WHAT YOU WILL DO: Please return exactly the line that contains "위 옵션은 로그인할 OIDC" and every line after it, through the last line of the records below, with no pictures.

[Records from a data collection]
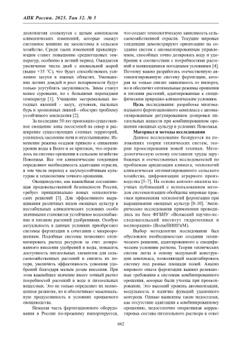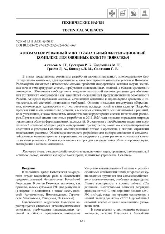 В статье представлены результаты разработки автоматизированного многоканального фертигационного комплекса, адаптированного к сложным агроклиматическим условиям Поволжья. Рассмотрены связанные с изменением климата проблемы макрорегиона, включая засухи, засоление почв и температурные стрессы, требующие инновационных решений в области орошаемого земледелия. Обоснована необходимость внедрения технологий точного орошения для обеспечения устойчивого овощеводства как важнейшей составляющей продовольственной безопасности России. Авторами предложен комплекс, сочетающий капельное и спринклерное орошение с интеллектуальной системой дозирования удобрений. Описана модульная конструкция оборудования, позволяющая адаптировать его под различные площади полей и типы культур. Подробно представлены такие технические решения, как система мониторинга состояния почвы и растений, блок управления, а также механизмы автоматической корректировки состава питательных растворов. Проведенный анализ патентных разработок за 2019-2025 годы позволил определить мировые тенденции в области фертигационных технологий. В сравнении с зарубежными аналогами предлагаемый комплекс обладает рядом конкурентных преимуществ, таких как специализированная адаптация к условиям Поволжья, комбинированный подход к орошению и система управления питательным режимом. Обоснована значимость разработки для импортозамещения в сельскохозяйственном машиностроении и перспективы ее внедрения в других регионах со схожими климатическими условиями. Статья представляет интерес для специалистов в области агроинженерии, мелиорации и точного земледелия.
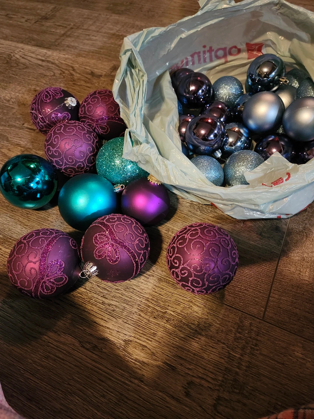 Selling a collection of Christmas tree ornaments in assorted colours including purple, teal, and silver! They're in great condition and ready to add some sparkle to your tree this holiday season
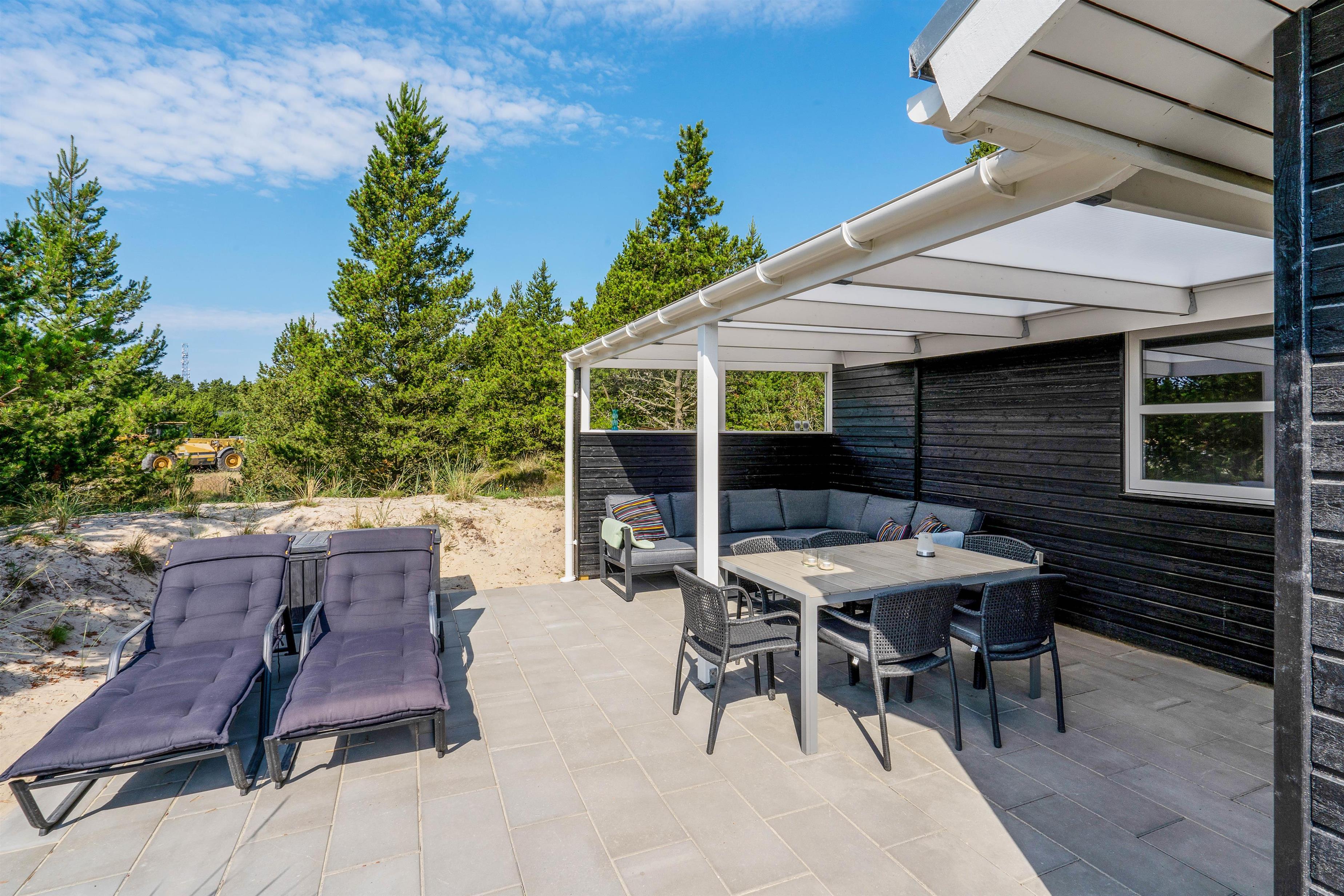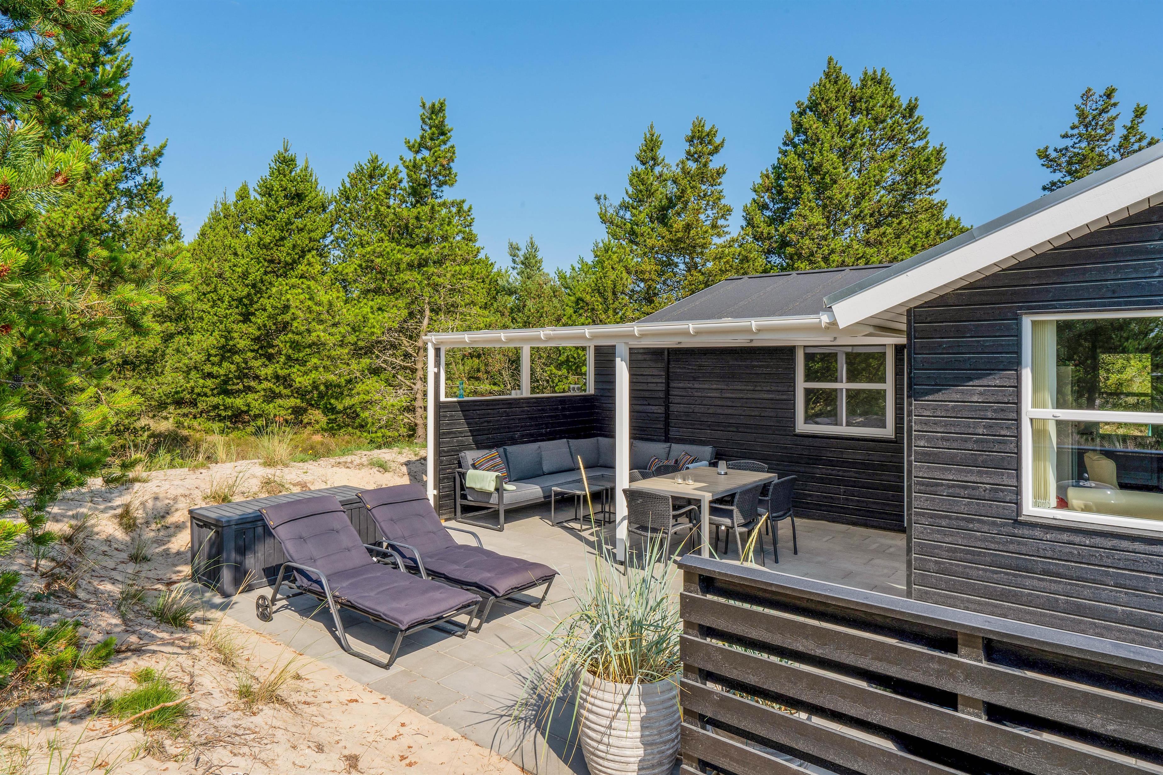 Sommerhuset har en skøn terrasse, hvor I kan søge ud på de varme feriedage. På terrassen er der både havemøbler og liggestole, så I har mulighed for at finde jer godt til rette på en god plet i solen med en god bog og kolde drikkevarer.
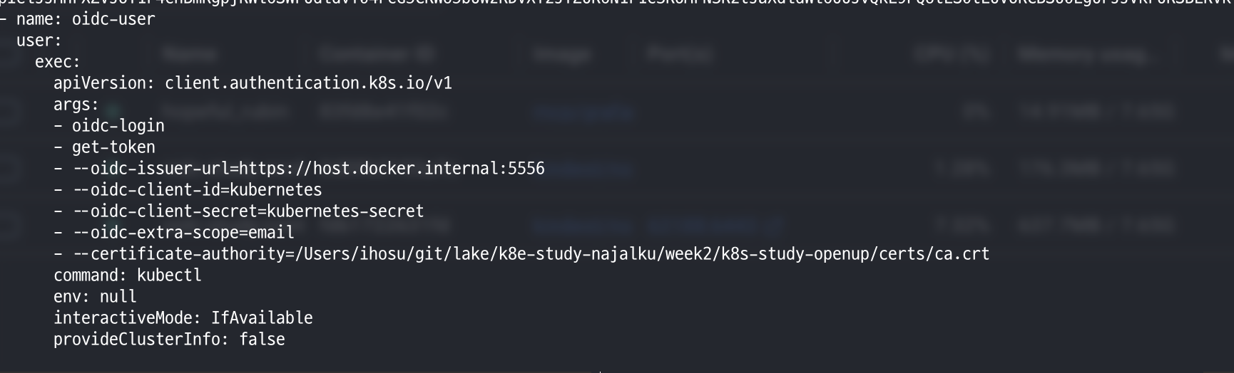 위 옵션은 로그인할 OIDC 서버 주소를 의미합니다. 여기서는 Dex의 port를 명시하여 실행합니다.
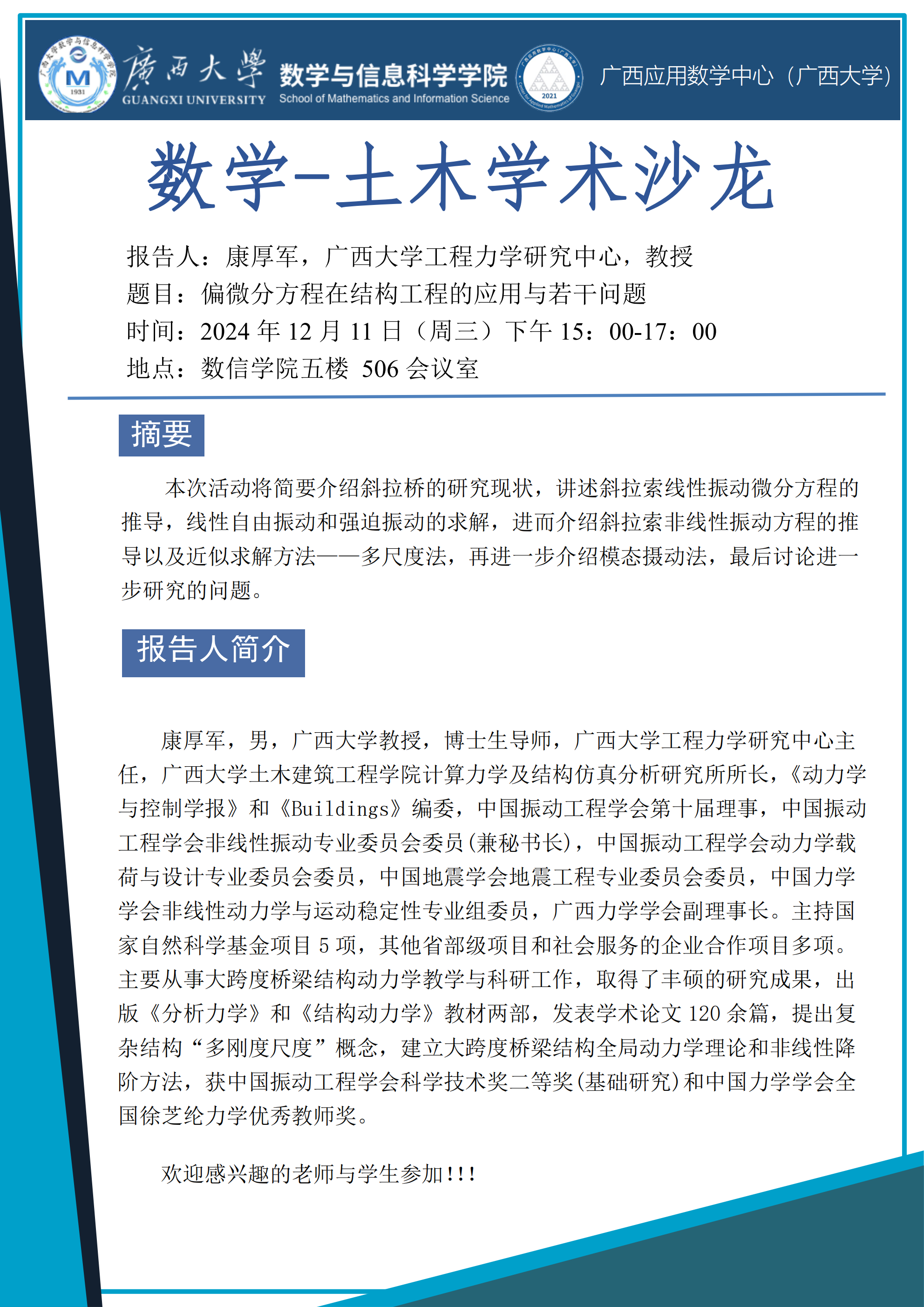 学术报告:偏微分方程在结构工程的应用与若干问题

ANSWER BELOW:
 위 옵션은 로그인할 OIDC 서버 주소를 의미합니다. 여기서는 Dex의 port를 명시하여 실행합니다.
 学术报告:偏微分方程在结构工程的应用与若干问题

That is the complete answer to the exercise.